Liquefaction potential analysis is a required task in the foundation design process of offshore wind turbine in Taiwan. The standard penetration test (SPT) is mostly used in the preliminary soil investigation of the pilot offshore wind farm in Chang-Bin, Taiwan. Due to the different experimental conditions and operating conditions, the N value (SPT-N) of SPT varies greatly. This study applies statistical methods in conjunction with the New Japan Road Association simplified-empirical method (NJRA method) to incorporate the uncertainty of SPT-N values into the offshore liquefaction potential assessment to quantify the risk of seabed liquefaction.

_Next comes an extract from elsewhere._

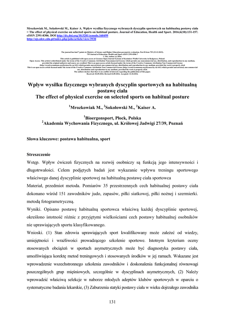Mrozkowiak M., Sokołowski M., Kaiser A. Wpływ wysiłku fizycznego wybranych dyscyplin sportowych na habitualną postawę ciała = The effect of physical exercise on selected sports on habitual posture. Journal of Education, Health and Sport. 2016;6(10):131-157. eISSN 2391-8306. DOI http://dx.doi.org/10.5281/zenodo.160499 http://ojs.ukw.edu.pl/index.php/johs/article/view/3930 The journal has had 7 points in Ministry of Science and Higher Education parametric evaluation. Part B item 755 (23.12.2015). 755 Journal of Education, Health and Sport eISSN 2391-8306 7 © The Author (s) 2016; This article is published with open access at Licensee Open Journal Systems of Kazimierz Wielki University in Bydgoszcz, Poland Open Access. This article is distributed under the terms of the Creative Commons Attribution Noncommercial License which permits any noncommercial use, distribution, and reproduction in any medium, provided the original author(s) and source are credited. This is an open access article licensed under the terms of the Creative Commons Attribution Non Commercial License (http://creativecommons.org/licenses/by-nc/4.0/) which permits unrestricted, non commercial use, distribution and reproduction in any medium, provided the work is properly cited. This is an open access article licensed under the terms of the Creative Commons Attribution Non Commercial License (http://creativecommons.org/licenses/by-nc/4.0/) which permits unrestricted, non commercial use, distribution and reproduction in any medium, provided the work is properly cited. The authors declare that there is no conflict of interests regarding the publication of this paper. Received: 02.09.2016. Revised 24.09.2016. Accepted: 12.10.2016. Wpływ wysiłku fizycznego wybranych dyscyplin sportowych na habitualną postawę ciała The effect of physical exercise on selected sports on habitual posture 1 Mrozkowiak M., 2Sokołowski M., 2Kaiser A. 1 2 Bioergonsport, Płock, Polska Akademia Wychowania Fizycznego, ul. Królowej Jadwigi 27/39, Poznań Słowa kluczowe: postawa habitualna, sport Streszczenie Wstęp. Wpływ ćwiczeń fizycznych na rozwój osobniczy są funkcją jego intensywności i długotrwałości. Celem podjętych badań jest wykazanie wpływu treningu sportowego właściwego danej dyscyplinie sportowej na habitualną postawę ciała sportowca Materiał, przedmiot metoda. Pomiarów 35 przestrzennych cech habitualnej postawy ciała dokonano wśród 151 zawodników judo, zapasów, piłki siatkowej, piłki nożnej i szermierki. metodą fotogrametryczną. Wyniki. Opisano postawę habitualną sportowca właściwą każdej dyscyplinie sportowej, określono istotność różnic z przyjętymi wielkościami cech postawy habitualnej osobników nie uprawiających sportu klasyfikowanego. Wnioski. (1) Stan zdrowia uprawiających sport kwalifikowany może zależeć od wiedzy, umiejętności i wrażliwości prowadzącego szkolenie sportowe. Istotnym kryterium oceny stosowanych obciążeń w sportach asymetrycznych może być diagnostyka postawy ciała, umożliwiająca korektę metod treningowych i stosowanych środków w jej ramach. Wskazane jest wprowadzenie wszechstronnego szkolenia zawodników i doskonalenia funkcjonalnej równowagi poszczególnych grup mięśniowych, szczególnie w dyscyplinach asymetrycznych, (2) Należy wprowadzić właściwą selekcje w naborze młodych adeptów klubów sportowych w oparciu o systematyczne badania lekarskie, (3) Zaburzenia statyki postawy ciała w wieku dojrzałego zawodnika 131 mogą być konsekwencją nie stosowania zasad treningu holistycznego i błędów w początkowym etapie szkolenia, błędów w rozgrzewce i braku ćwiczeń kształtujących nawyk postawy prawidłowej w jej ramach, (4) Zrealizowane badania nie dają pełnego obrazu zmian w postawie ciała po wpływem pracy charakterystycznej dla danej dyscypliny sportowej. Keywords: habitual posture, sport Summary Admission. The impact of physical exercise on the development of the individual are a function of its intensity and duration. The aim of the study is to demonstrate the influence of sports training appropriate for their sport habitual posture athlete The material object of the method. Measurements 35 spatial characteristics of habitual posture made of 151 players judo, wrestling, volleyball, football and fencing. photogrammetric method. Results. Described the attitude of habitual athlete right every sports discipline, defined the significance of differences of values accepted traits of habitual attitudes of individuals not engaged in sport classified. Conclusions. (1) The health status of athletes qualified may depend on the knowledge, skills and sensitivity leading sports training. An important criterion for evaluating the load in sports may be asymmetric diagnostics of body posture, enabling correction of training methods and means used within it. It is the introduction of comprehensive training of players and improve functional balance of individual muscle groups, especially in the disciplines of asymmetric (2) Enter the correct selections in recruiting young students of sports clubs based on regular medical examinations, (3) disorders static posture in adulthood player may be the consequence of not applying the principles of training holistic and errors in the initial training phase, errors in the warm-up and lack of exercise forming the habit of correct posture within it, (4) Realized studies do not give a complete picture of changes in body posture the influence of labor characteristic of the sport. 132 1. Wprowadzenie Przyjęto, że zwiększona aktywności fizyczna jest jednym z kluczowych zadań w promocji zdrowia. Wiele ośrodków zajmujących się tą problematyką oparło się na modelu Toronto (HRF – Heath Related Fitness), opracowanym przez C. Boucharda i R.J. Shepharda [1], który zakłada, że składowe wydolności fizycznej są podstawą zdrowia i mogą być dodatnio modyfikowane przez regularny trening fizyczny [

The study statistics the field experimental geotechnical parameters SPT-N and determines the probability density function of the SPT-N distribution of each layer of soil in the offshore wind farm. In order to quantify the risk of seabed soil liquefaction potential, the Monte Carlo random sampling method is used, and by the NJRA method to carry out the seabed liquefaction potential in Changhua, Taiwan. After comparing, the results obtained by the current SPT-based soil liquefaction potential assessment by deterministic approach are conservative. In the ground investigation of offshore wind farm development, the method proposed in this paper can access the thickness of liquefiable soil layers under any given probability for optimizing offshore wind turbine foundation design.

Introduction

The Chang-Bin offshore wind farm of Taiwan Power Company is located in the offshore area of Changhua. The preliminary geotechnical investigation results show that the seabed of Chang-Bin offshore wind farm in Taiwan is mainly composed of silty sand (SM) and low plasticity clay (CL), it contains a small number of low plasticity silt (ML) and silty poorly graded sand (SP-SM) [CSC (2017), Hai-Shia Offshore Wind Energy Co., LtD. (2017a, 2017b), Chien at al. (2014), TORI (2012), TPC (2012, 2018)].. The soil within 80 meters below the seabed can be roughly divided into three layers. The uppermost layer is mainly loose to medium dense sand (SPT-N<30) and the depth is about 25 meters. The soil conditions of Taiwan’s offshore wind farm are very different from the offshore wind farm in the North Sea [Le at al. (2014)]. For a sandy soil within 20 meters of the surface depth, it is highly likely that soil liquefaction will occur when an earthquake occurs [Seed and Idriss (1971)]. The soil liquefaction potential can assess by deterministic approach in Taiwan, which the SPT-N based soil liquefaction potential semi-empirical analysis method is the common adopted in the engineering design in Taiwan [JRA (1996), CPA (2011)], However, soil liquefaction can be affected by soil layer distribution, soil properties, seismic wave transmission, stress conditions, etc. Therefore, quantifying the risk of soil liquefaction in highly seismic region is essential for the development of offshore wind farms.